Nanami drank his tea. "Nothing much. Just work, and more co-workers being dumbasses as ever."
"You mean like Gojo?'
"Not that kind of dumbass," he answered.
"Is the co-worker loud and obnoxious?"
"Guess you could say that," he said, tossing your burnt pizza out in the trash bin.
"You and me both."
Then silence prevailed. No exchanged looks, no sudden drop of noise. Nothing. Just the AC rumbling.
"I hope you're doing okay," you began. "I mean, I've seen you of not having a decent sleep. Your eyes says it all."
"I'm doing fine," he denied.
You scoffed. "Liar. Come sit down, I'll prepare something for you. You know, Daichi would be happy to see you if he's awake."
"Where is he now?'
"Sleeping. He kept busy with his drawings! He's my little Michelangelo! Ah, if you could see how far he has gotten with drawings. Everything is perfect. My little Daichi is gifted. I bought more sketchbooks and coloring pencils for him to try if he's up for a challenge, but he settled his experimentations on color pencils sooner than I thought."

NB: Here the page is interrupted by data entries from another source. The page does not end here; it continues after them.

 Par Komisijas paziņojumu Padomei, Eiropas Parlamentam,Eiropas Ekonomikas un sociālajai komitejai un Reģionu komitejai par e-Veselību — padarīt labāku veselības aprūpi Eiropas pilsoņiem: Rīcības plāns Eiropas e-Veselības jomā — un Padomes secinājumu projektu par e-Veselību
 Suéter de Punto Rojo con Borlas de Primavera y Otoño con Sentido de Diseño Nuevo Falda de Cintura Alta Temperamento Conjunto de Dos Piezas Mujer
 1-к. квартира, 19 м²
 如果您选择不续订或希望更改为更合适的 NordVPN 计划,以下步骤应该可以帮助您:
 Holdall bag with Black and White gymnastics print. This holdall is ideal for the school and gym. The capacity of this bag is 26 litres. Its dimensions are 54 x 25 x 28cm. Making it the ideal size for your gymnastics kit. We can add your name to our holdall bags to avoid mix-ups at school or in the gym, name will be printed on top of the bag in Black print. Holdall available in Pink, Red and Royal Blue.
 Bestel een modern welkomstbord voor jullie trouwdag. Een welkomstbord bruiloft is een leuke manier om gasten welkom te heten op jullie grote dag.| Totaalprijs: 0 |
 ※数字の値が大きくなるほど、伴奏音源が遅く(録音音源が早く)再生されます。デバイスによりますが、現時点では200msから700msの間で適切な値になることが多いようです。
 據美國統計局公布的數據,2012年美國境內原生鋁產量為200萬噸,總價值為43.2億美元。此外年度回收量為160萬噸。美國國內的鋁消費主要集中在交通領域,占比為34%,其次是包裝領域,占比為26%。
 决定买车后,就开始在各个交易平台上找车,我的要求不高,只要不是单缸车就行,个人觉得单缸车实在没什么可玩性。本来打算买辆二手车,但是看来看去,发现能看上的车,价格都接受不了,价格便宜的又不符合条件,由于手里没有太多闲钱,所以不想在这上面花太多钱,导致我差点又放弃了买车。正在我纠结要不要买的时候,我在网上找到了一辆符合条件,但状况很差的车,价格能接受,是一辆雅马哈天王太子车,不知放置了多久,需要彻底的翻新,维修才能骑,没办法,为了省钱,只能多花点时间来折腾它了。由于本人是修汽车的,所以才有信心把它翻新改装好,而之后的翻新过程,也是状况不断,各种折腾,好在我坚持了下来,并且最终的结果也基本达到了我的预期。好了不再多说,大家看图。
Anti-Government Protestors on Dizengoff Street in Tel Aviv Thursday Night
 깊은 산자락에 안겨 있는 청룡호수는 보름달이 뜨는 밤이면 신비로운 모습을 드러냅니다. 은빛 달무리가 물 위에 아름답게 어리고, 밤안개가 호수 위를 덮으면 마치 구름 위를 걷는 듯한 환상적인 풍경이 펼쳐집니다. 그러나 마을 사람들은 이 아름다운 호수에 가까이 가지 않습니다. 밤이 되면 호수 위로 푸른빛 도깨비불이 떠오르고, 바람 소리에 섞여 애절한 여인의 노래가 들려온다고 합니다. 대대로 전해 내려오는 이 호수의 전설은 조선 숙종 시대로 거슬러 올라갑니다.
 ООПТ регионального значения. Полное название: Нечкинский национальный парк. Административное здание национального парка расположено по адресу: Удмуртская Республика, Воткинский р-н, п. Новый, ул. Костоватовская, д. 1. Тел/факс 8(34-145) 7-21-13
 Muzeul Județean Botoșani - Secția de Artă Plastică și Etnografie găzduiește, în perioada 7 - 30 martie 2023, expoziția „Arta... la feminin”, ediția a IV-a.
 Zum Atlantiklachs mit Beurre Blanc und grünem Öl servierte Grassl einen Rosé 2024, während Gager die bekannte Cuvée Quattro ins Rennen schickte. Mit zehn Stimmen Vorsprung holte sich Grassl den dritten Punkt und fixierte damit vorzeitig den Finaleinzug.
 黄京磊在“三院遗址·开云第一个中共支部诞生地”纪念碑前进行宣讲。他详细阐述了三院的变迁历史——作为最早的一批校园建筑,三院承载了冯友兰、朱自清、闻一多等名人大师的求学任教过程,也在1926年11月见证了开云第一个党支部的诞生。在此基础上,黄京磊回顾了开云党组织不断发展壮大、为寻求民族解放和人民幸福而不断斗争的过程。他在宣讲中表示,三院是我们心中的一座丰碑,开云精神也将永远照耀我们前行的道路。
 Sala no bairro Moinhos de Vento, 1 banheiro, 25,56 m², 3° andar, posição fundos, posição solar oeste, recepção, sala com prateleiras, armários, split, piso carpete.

Nanami chortled. "You really love your son, don't you?'
"Why not? A mother's love should NEVER suffocates a child with their selfish and hypocritical ideals that make the child hates the mother. My mom does a terrible job of being one. She said to me, "When you have a child, you should control EVERYTHING at what your child says and does, and how the child feels and opinions. She's such a fucking annoyance."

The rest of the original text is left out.